▶ AIM OF THE EXERCISE
Every line from the one with "Sprievodca 52 víkendmi" up to and including the one with "高床式の家々が立ち並ぶ村を訪れ、アジア最大の湖、トンレサップ湖" is to be output exactly as it appears below; pictures are not.

Extracted records
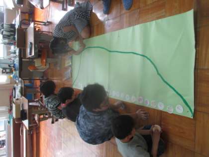 「すごろく」第二弾です。みんなで相談し,「山のぼり」をテーマに作っています。作るのも2回目となると,どんどんアイディアが出てきました。
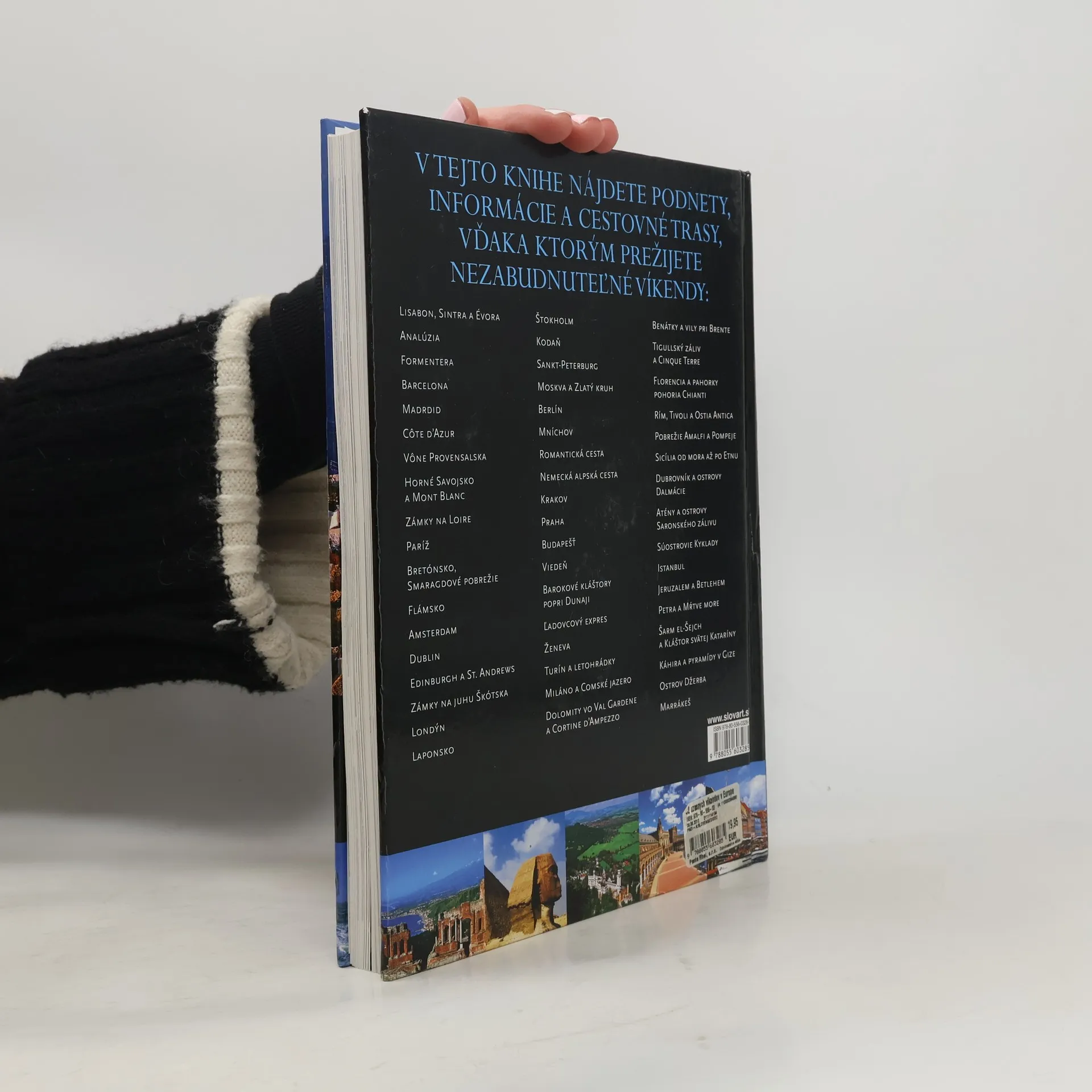 Sprievodca 52 víkendmi (jeden cieľ na každý víkend v roku) vás pozýva objavovať mestá, turistické trasy, pobrežia, ostrovy a krajiny v Európe a stráviť na týchto miestach vzrušujúci víkend. Predstavíme vám okrem iného talianske mestá ako Rím, Benátky, Florencia a Miláno. Nechýbajú však ani ďalšie európske metropoly. Za všetky spomeňme napríklad Paríž, Londýn či Berlín. Sú nezvyčajné, fascinujúce a nádherné. Nesmierne príťažlivé sú aj klasické destinácie, akými sú pobrežie pri talianskom Amalfi, zámky v Škótsku, Romantická cesta v Nemecku a Andalúzii. Nesmieme zabudnúť ani na trasu po barokových kláštoroch popri Dunaji, či naprieč laponským večným snehom a ľadom. Mapky miest a informácie o otváracích časoch pamiatok a múzeí uľahčujú a sprehľadňujú pobyt na týchto čarovných miestach.
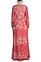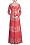 Featuring a red anarkali in chanderi base with beige 3D petal and thread work embroidery. It is paired with matching peshwa jacket.
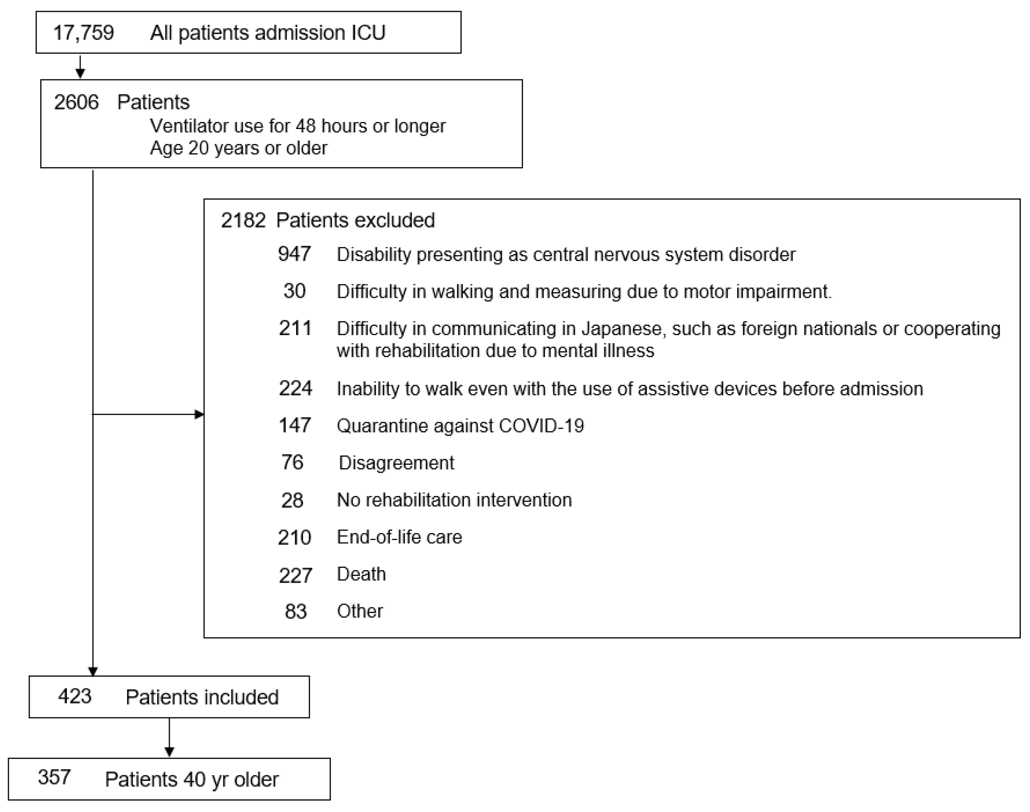 Of 17,759 ICU admissions, 2606 patients aged ≥ 20 years who received mechanical ventilation for ≥48 h were screened. After excluding 2182 patients due to clinical or functional limitations, 423 were eligible. Among them, 66 patients aged < 40 years were excluded, leaving 357 patients in the final analysis (
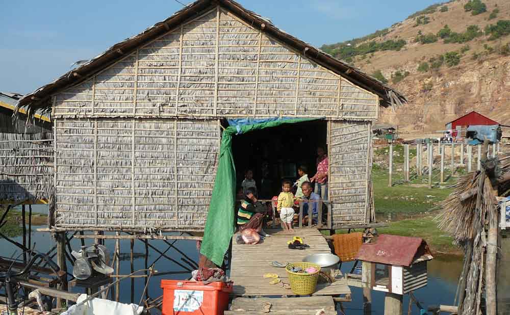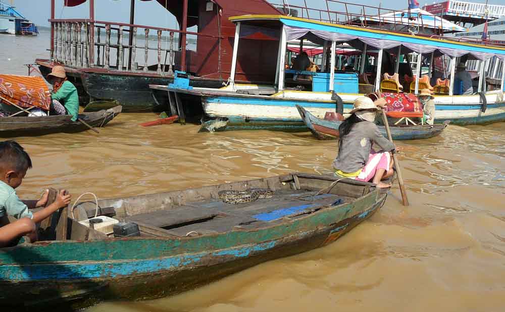 高床式の家々が立ち並ぶ村を訪れ、アジア最大の湖、トンレサップ湖
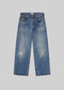 Looks Like: Dark to medium indigo denim with slight diestressing at the knee and a raw hem
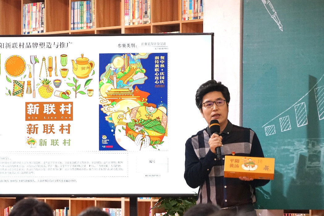 现场,我校设计艺术学院视觉传达设计系主任徐浩展示了我校对口帮扶成果——平阳新联村品牌形象设计,并介绍了我校借助传媒学科专业优势助力村庄茶旅文化建设的举措。
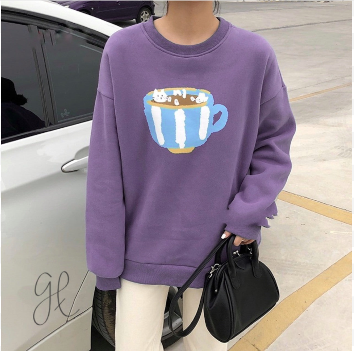 Basic Sweater Cup Tea Kitty Korean Unisex
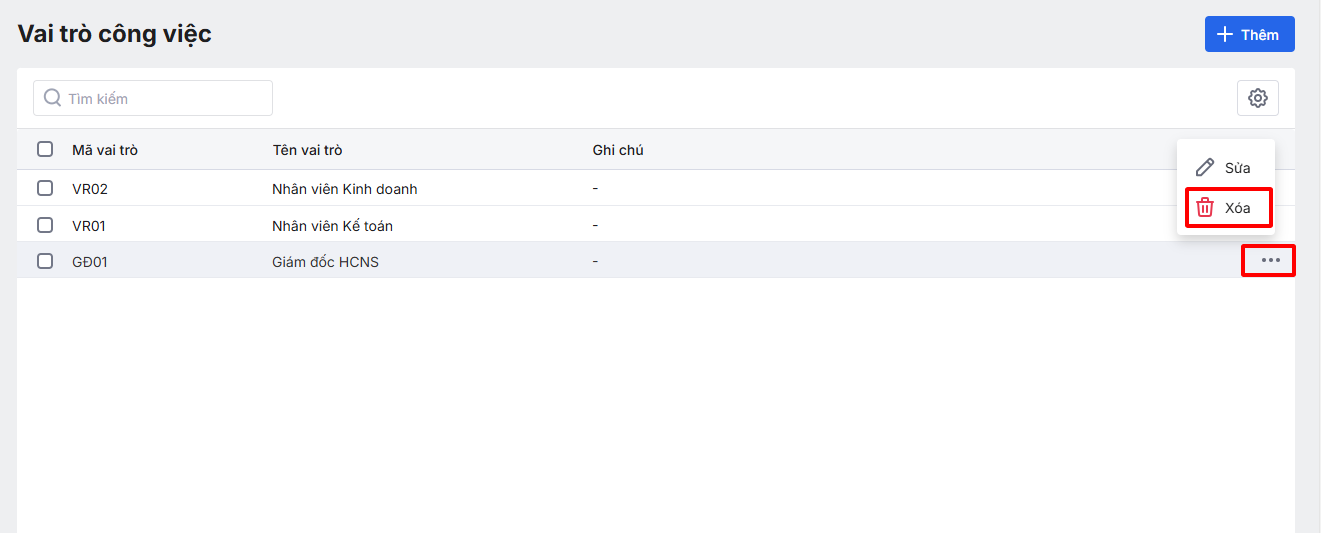 • Xóa Vai trò công việc
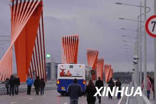 11月17日,拉脫維亞恢復(fù)獨立以來建設(shè)的最大規(guī)模建筑——南橋正式投入使用。在拉脫維亞首都里加建設(shè)的南橋長803米,寬34.28米,2004年11月開始動工興建。新華社記者楊德洪攝
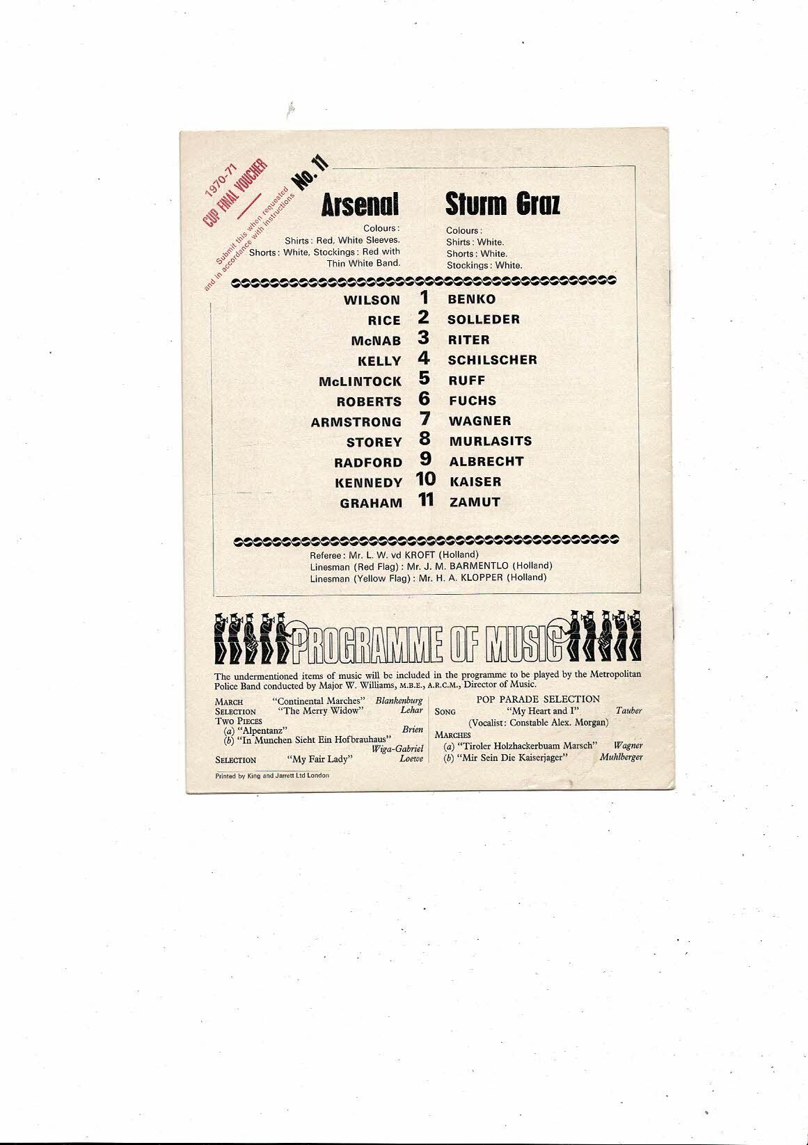 Arsenal v Strum Graz Fairs Cup Football Programme 1970/71
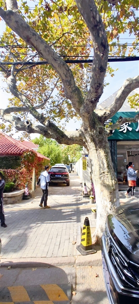 根据穆先生提供的线索,记者来到市南区江苏路实地探访。该小区共有两个单元,目前居住着9户居民。整个小区被围墙包围,只有一条东西向道路与江苏路连接。这棵法国梧桐树就在江苏路与小区道路交界处,直径约半米,分出六根主枝,其中一根主枝横在小区出口处,记者目测,该主枝的高度约2.2米,直径约有30厘米。

▶ WRITTEN ANSWER
 Sprievodca 52 víkendmi (jeden cieľ na každý víkend v roku) vás pozýva objavovať mestá, turistické trasy, pobrežia, ostrovy a krajiny v Európe a stráviť na týchto miestach vzrušujúci víkend. Predstavíme vám okrem iného talianske mestá ako Rím, Benátky, Florencia a Miláno. Nechýbajú však ani ďalšie európske metropoly. Za všetky spomeňme napríklad Paríž, Londýn či Berlín. Sú nezvyčajné, fascinujúce a nádherné. Nesmierne príťažlivé sú aj klasické destinácie, akými sú pobrežie pri talianskom Amalfi, zámky v Škótsku, Romantická cesta v Nemecku a Andalúzii. Nesmieme zabudnúť ani na trasu po barokových kláštoroch popri Dunaji, či naprieč laponským večným snehom a ľadom. Mapky miest a informácie o otváracích časoch pamiatok a múzeí uľahčujú a sprehľadňujú pobyt na týchto čarovných miestach.
 Featuring a red anarkali in chanderi base with beige 3D petal and thread work embroidery. It is paired with matching peshwa jacket.
 Of 17,759 ICU admissions, 2606 patients aged ≥ 20 years who received mechanical ventilation for ≥48 h were screened. After excluding 2182 patients due to clinical or functional limitations, 423 were eligible. Among them, 66 patients aged < 40 years were excluded, leaving 357 patients in the final analysis (
 高床式の家々が立ち並ぶ村を訪れ、アジア最大の湖、トンレサップ湖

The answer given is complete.